Maybe this is not ideal, but it should at least work.

It looks like the vote track needs this, too.  Currently when an actor
is staged in the vote track and the poll is unstaged, the track
empties and there's no way to unstage the actor.  He hangs around like
Banquo's ghost.  I've tasked a fix for this.  (Generally a prop should
not allow us to do stuff (like staging or unstaging) unless it also
allows us to undo it.)

> Wow, how difficult is this to code? How long would it take?

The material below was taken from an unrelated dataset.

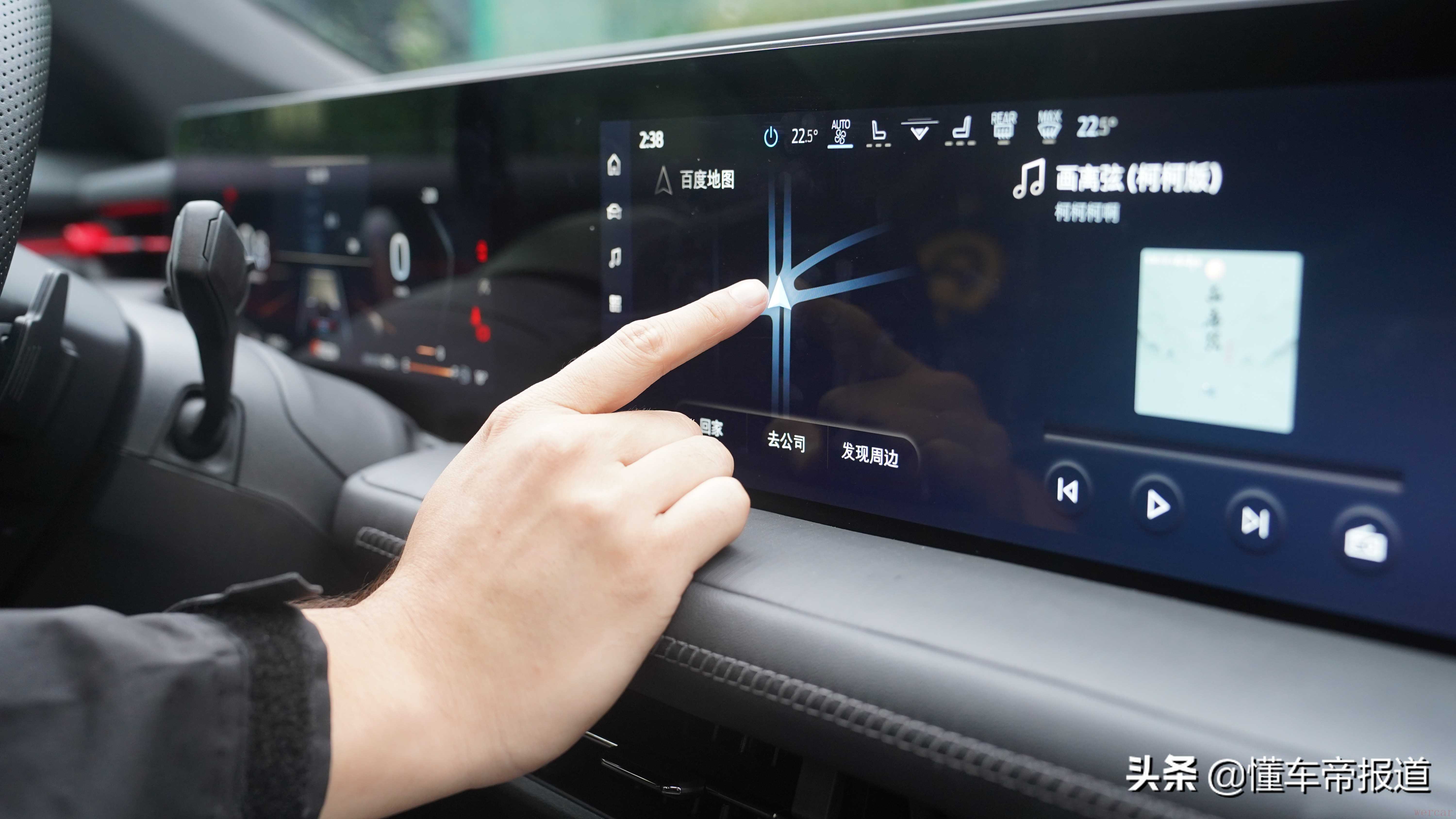 来到这辆EVOS的车厢内部,最吸引眼球的,肯定就是这块1.1米长的大屏了,这也是让很多人误以为它是一辆电动车的原因。尺寸上,左边的全液晶仪表是12.3英寸,右边的4K屏幕是27英寸。

I think
> I like it, but I'm a bit afraid, it might be too much happening for
> the eyes.

The thing I find difficult (or puzzling) is the geotrack.  Initially
it must cover the globe down to the level of cities (deeper later).  I
don't know yet where all that geodata will come from.  (Do we enter it
ourselves?  Do we reuse an existing database?)  Altogether, the
geotrack is likely to be fairly expensive (like the vote track), but
(like the vote track) it'll be useful for other things too, not just
talk lighting.

Talk lighting might fail, e.g. because it's too flashy (as you say).
But we can probably afford to experiment with it because (itself) it
isn't expensive.

So I had this tasked for my next job.  But lately I've been thinking
the Metagov intro banner is a higer priority.  We have an opportunity
there and should probably move on it ASAP.  Right?  (I wanted to talk
about this, but I need to find a new headset first.  My old one died.)

> > (2) Another problem is to reveal the talk track's internal
> > information in useful ways.  Maybe the acid test for this is to
> > quickly find a given message in the track, like we can find a poll
> > in the poll track.  Then we'd know the information is shining
> > through.
> 
> Can you anchor a certain voter and let all messages related to him
> light up? That would make searching for messages quite easy.

I think it already does that for actor, poll and combinations of the
two (position).

I hit a bug when testing the actor filtering.  Crossing user pages,
the first user is carried over to the second user's page.  (That's my
own bug, so I'll fix that.)

> > (3) We're poorly connected to discussion media, the best of which
> > aren't web based.  Our diff URLs are good rope bridges for some
> > media, but they only work at the exit.  We put a welcome mat at
> > the entrance, but it's actually hard to get in. ...
> 
> Well, private mails and voice are somehow not in the interest of
> your voters and their voters etc., because of their
> intransparency. So there is a draw to public lists and forums, isn't
> it?

Yes, but even public lists are mail based.  Most have web archives,
but that's not where subscribers read the messages.  They read them in
mail readers (like Thunderbird).  But mail readers don't normally run
live software (e.g. JavaScript) like web browsers do, so we can't push
a Votorola UI into a mail message as easily as into a web page.  All
we can push is a diff URL.  (Thankfully we can do at least that much!)
Doing more would require coding an extension for each brand of mail
reader (Thunderbird, Eudora, Mutt, G-mail, etc) to run our UI.  We can
eventually do that (also for phones, desktops, and such), but it's too
expensive for starters.  So we have:

   * Voice and mail networks (good for discussion)
   * Web networks (good for drafting and starter UI)

Our aim is to support discussion but our support UI runs on the web.
But that's good enough for starters.